The two guidelines, which take effect immediately, follow similar guidelines released in recent weeks covering diagnostic tests, ventilators, surgical apparel, face masks and respirators.
FDA says its enforcement policy for infusion pumps applies to devices under four different product codes and more than 20 different types of accessories that are used with infusion pumps.
FDA stresses that health care facilities should continue to rely on FDA-cleared infusion pumps and accessories when possible but acknowledges that may not be possible due to heightened demand for the devices due to COVID-19.
Under the policy, FDA explains that it will not object to companies making certain modifications to already cleared infusion pumps or accessories, so long as the modifications would not “create an undue risk.”
The allowable modifications include adding remote monitoring, control and electronic drug library information transfer functionality; allowing use in new environments and patient populations; battery capacity increases; and modifications to increase the devices’ wireless range.
FDA will also allow for use of infusion pump accessories outside their indicated shelf life and duration of use.
The guidance provides a list of 20 FDA-recognized consensus standards that FDA says should be used in the design, evaluation and validation of modifications made under the policy.
In addition to easing requirements for modifications, FDA says it is interested in granting emergency use authorizations (EUAs) for infusion pumps that are not currently legally marketed in the US and to non-medical device manufacturers who may be able to assist in increasing the supply of the devices.
To increase the availability of clinical electronic thermometers, FDA says it will not object to the distribution or use of certain non-510(k) cleared devices.

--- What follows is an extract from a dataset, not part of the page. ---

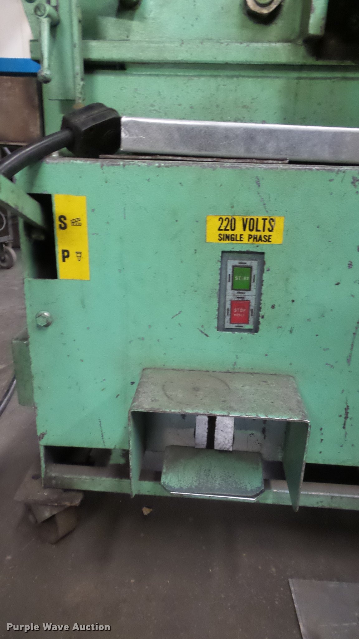 Purple Wave is selling a used Tools in Kansas. This item is a Scotchman 4014C sheet metal hydraulic press with the following: 2 HP motor, 220V, 15 amp, Single phase, 14.5"W sheet metal, Roller stand, 1,400 hydraulic pressure, Additional taps included, Serial 1735U285
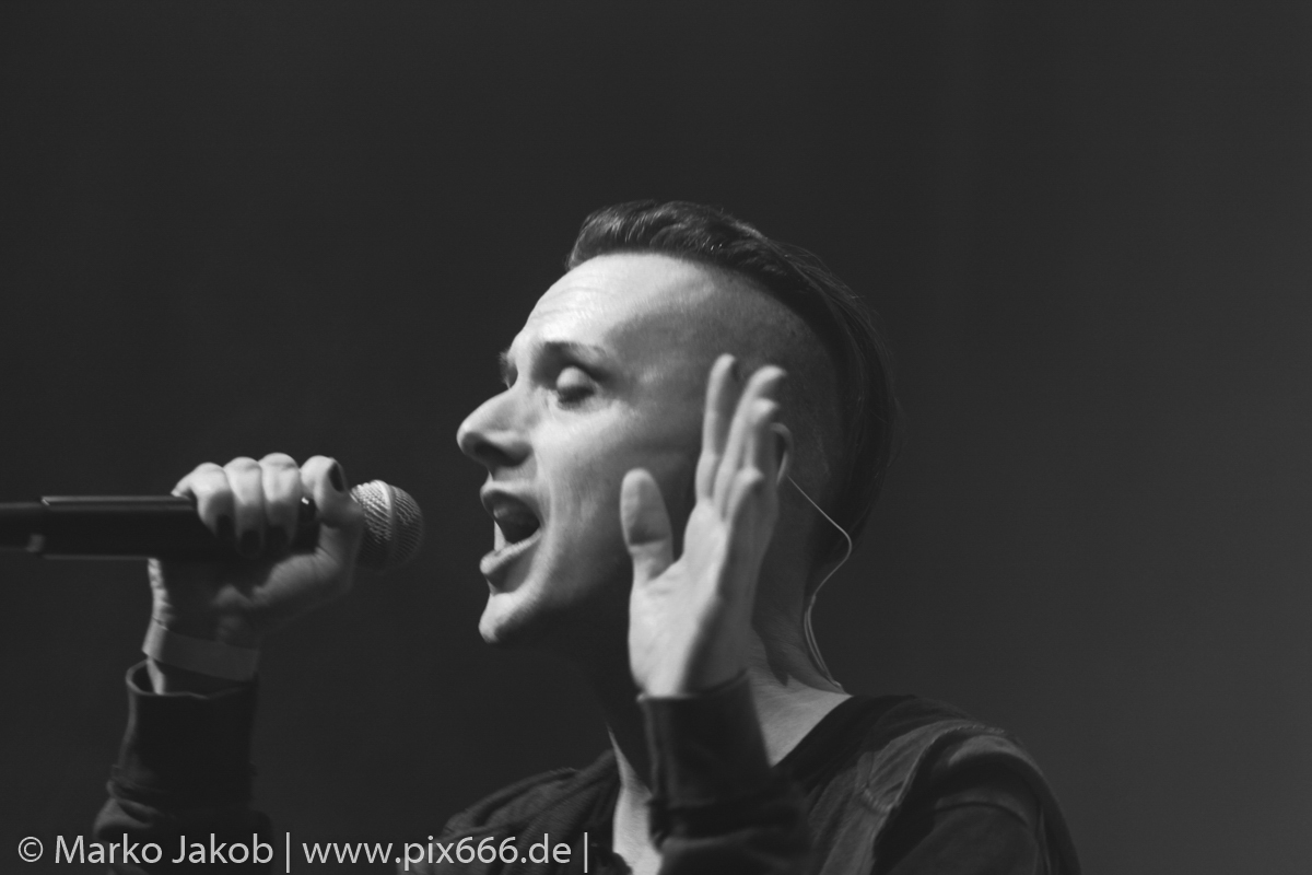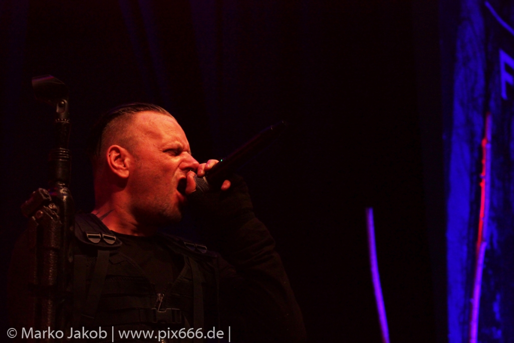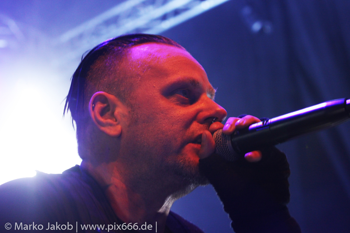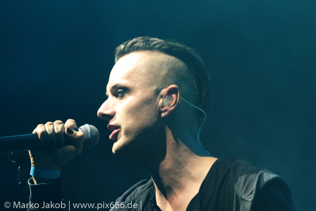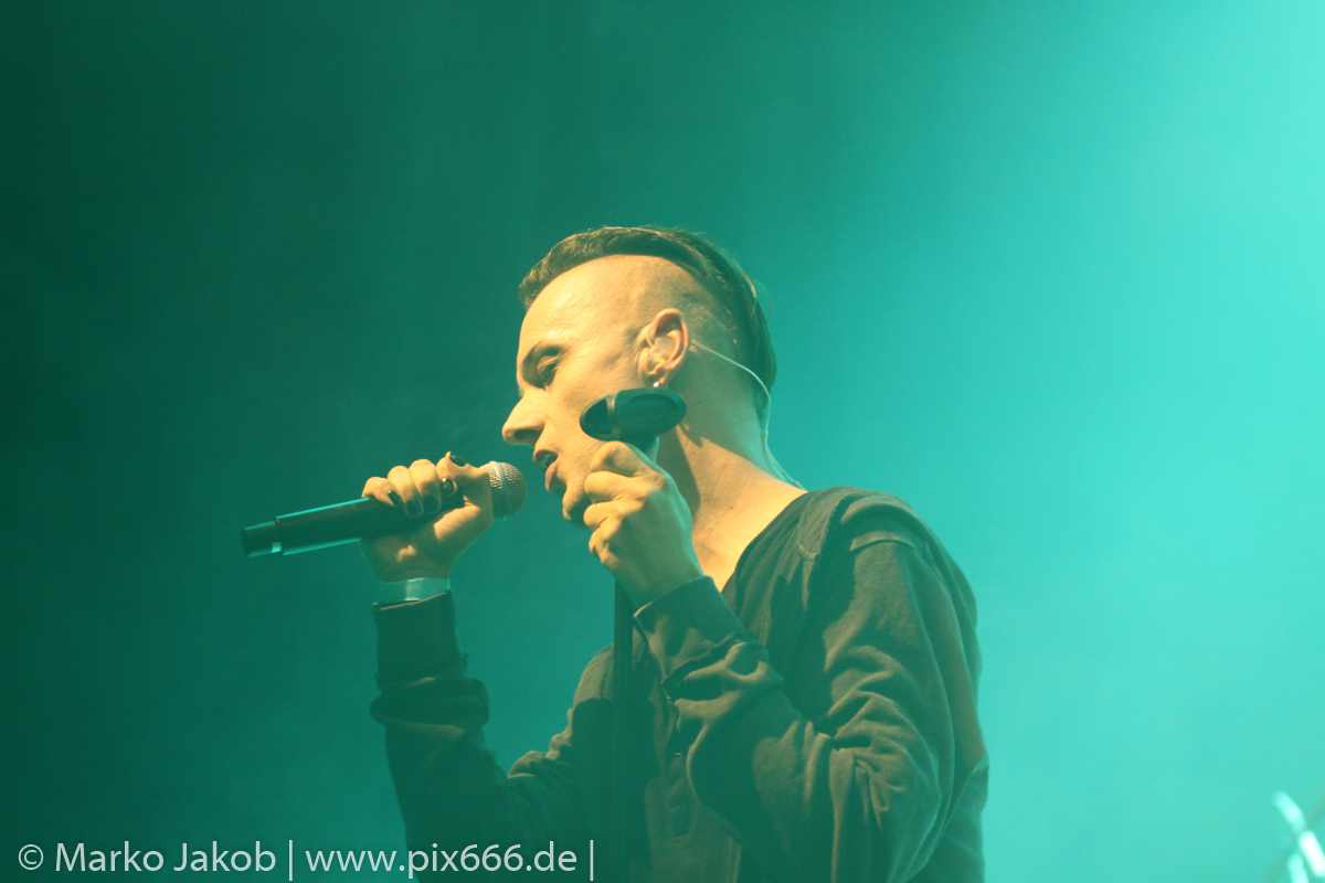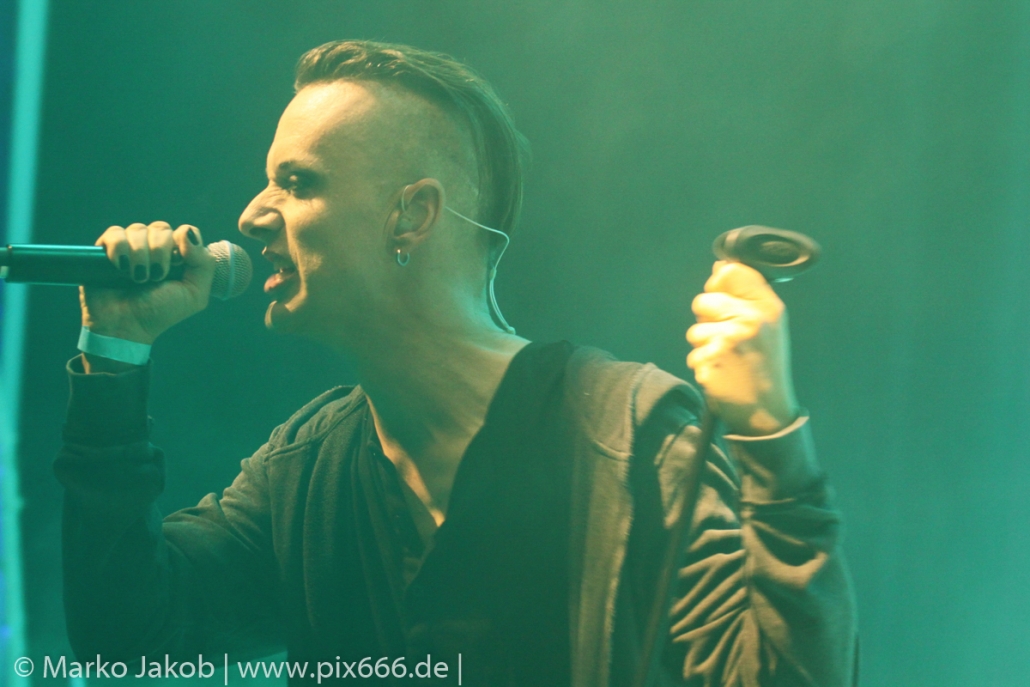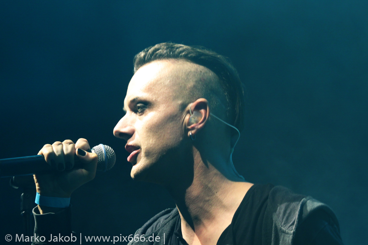 Die erste Band in der Rattenfängerhalle, der mit Abstand größten Location, waren Funker Vogt. Die Band wurde 1995 gegründet und hat bereits über 10 Alben veröffentlicht. 2016 gab es einen Wechsel am Mikrofon. Funker Vogt gaben bekannt, dass Chris L. von der Band Agonoize der neue Frontmann sein wird. Das aktuelle Album trägt den Namen ‚Wastelands‘. Die große Halle war ziemlich gut gefüllt. Chris L. hatte das Hamelner Publikum gut im Griff und brachte einen Teil der Menge zum Tanzen.

FDA notes that the policy only applies to certain contact and contactless Class II clinical thermometers under product code FLL and directs companies with already cleared clinical electric thermometers to its enforcement policy on modifications to those and other remote patient monitoring devices.
FDA says the devices must be manufactured in accordance with 21 CFR Part 820, ISO 13485:2016 or an equivalent quality system. The devices must also be authorized in the EU, Australia, Canada or Japan or meet certain performance standards laid out in the guidance and include labeling that details the devices’ indications and functions.